Plants form calluses and regenerate new organs when incubated on phytohormone-containing media. While accumulating evidence suggests that these regenerative processes are governed by transcriptional networks orchestrating wound response and developmental transitions, it remains unknown if posttranslational regulatory mechanisms are involved in this process. In this study, we demonstrate that SAP AND MIZ1 DOMAIN- CONTAINING LIGASE1 (SIZ1), an E3 ligase-catalyzing attachment of the SMALL UBIQUITIN-LIKE MODIFIER (SUMO) to proteins, regulates wound-induced signal transduction and organ regeneration in Arabidopsis (Arabidopsis thaliana). We show that loss-of-function mutants for SIZ1 exhibit overproduction of shoot meristems under in vitro tissue culture conditions, while this defect is rescued in a complementation line expressing pSIZ1::SIZ1. RNA sequencing analysis revealed that siz1-2 mutants exhibit enhanced transcriptional responses to wound stress, resulting in the hyper-induction of over 400 genes immediately after wounding. Among them, we show that elevated levels of WOUND INDUCED DEDIFFERENTIATION1 (WIND1) and WIND2 contribute to the enhanced shoot regeneration observed in siz1 mutants, as expression of the dominant-negative chimeric protein WIND1-SRDX (SUPERMAN repression domain) in siz1-3 mutants partly rescues this phenotype. Although compromised SIZ1 function does not modify the transcription of genes implicated in auxin-induced callus formation and/or pluripotency acquisition, it does lead to enhanced induction of cytokinin-induced shoot meristem regulators such as WUSCHEL, promoting the formation of WUSCHEL-expressing foci in explants. This study thus suggests that SIZ1 negatively regulates shoot regeneration in part by repressing wound-induced developmental reprogramming.

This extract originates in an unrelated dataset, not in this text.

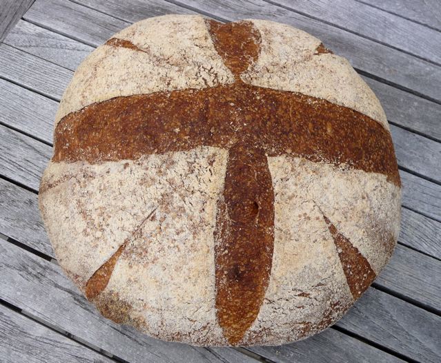 It has a low profile, fine – I was expecting that! It has a strong clear sour taste from the long fermenting period and a nice chewy texture. If you don’t like wholemeal bread, then this won’t make you happy, but if you like the idea of wholemeal but find it a bit bland sometimes, this might just be the bread for you, but it won’t be to everyone’s taste. I have no idea what it should be like, but hope that it hasn’t been too ‘lost in translation.’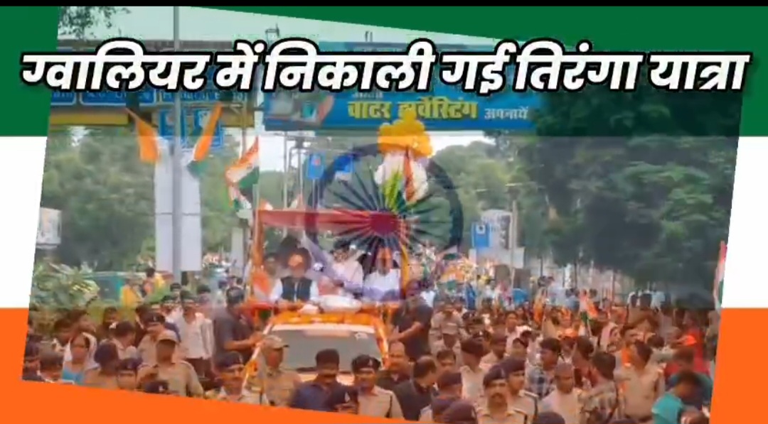एंकर -: स्वतंत्रता दिवस आने में अभी चार दिवस शेष हैं लेकिन देश अपने आजादी के महोत्सव में झूम रहा है और यही वजह है कि आज ग्वालियर में मध्य प्रदेश के मुख्यमंत्री डॉ मोहन यादव के नेतृत्व में हजारों की संख्या में शहर वासियों ने तिरंगे को सलाम किया तिरंगा यात्रा निकाली और भारत मां को नमन किया।

当植物在含有植物激素的培养基上培育时，会形成愈伤组织并再生新的器官。虽然越来越多的证据表明这些再生过程是由协调伤口反应和发育转变的转录网络控制的，但翻译后调节机制是否参与该过程仍然未知。在本研究中，我们证明 SAP 和 MIZ1 结构域包含的连接酶 1 (SIZ1) 是一种 E3 连接酶催化小泛素样修饰剂 (SUMO) 与蛋白质的连接，调节拟南芥中伤口诱导的信号转导和器官再生。拟南芥）。我们发现， SIZ1的功能丧失突变体在体外组织培养条件下表现出芽分生组织的过度生成，而这种缺陷在表达pSIZ1 :: SIZ1的互补系中得到了挽救。RNA测序分析显示，siz1-2突变体对伤口应激表现出增强的转录反应，导致受伤后立即过度诱导超过400个基因。其中，我们发现伤口诱导去分化1（WIND1）和WIND2水平升高有助于在siz1突变体中观察到的芽再生增强，因为siz1-3突变体中显性失活嵌合蛋白WIND1-SRDX（SUPERMAN抑制域）的表达部分挽救了这种表型。虽然受损的SIZ1功能不会改变与生长素诱导的愈伤组织形成和/或多能性获得相关的基因的转录，但它确实会导致细胞分裂素诱导的芽分生组织调节因子（例如WUSCHEL）的诱导增强，从而促进 WUSCHEL 表达灶的形成。外植体。因此，这项研究表明，SIZ1 部分通过抑制伤口诱导的发育重编程来负向调节芽再生。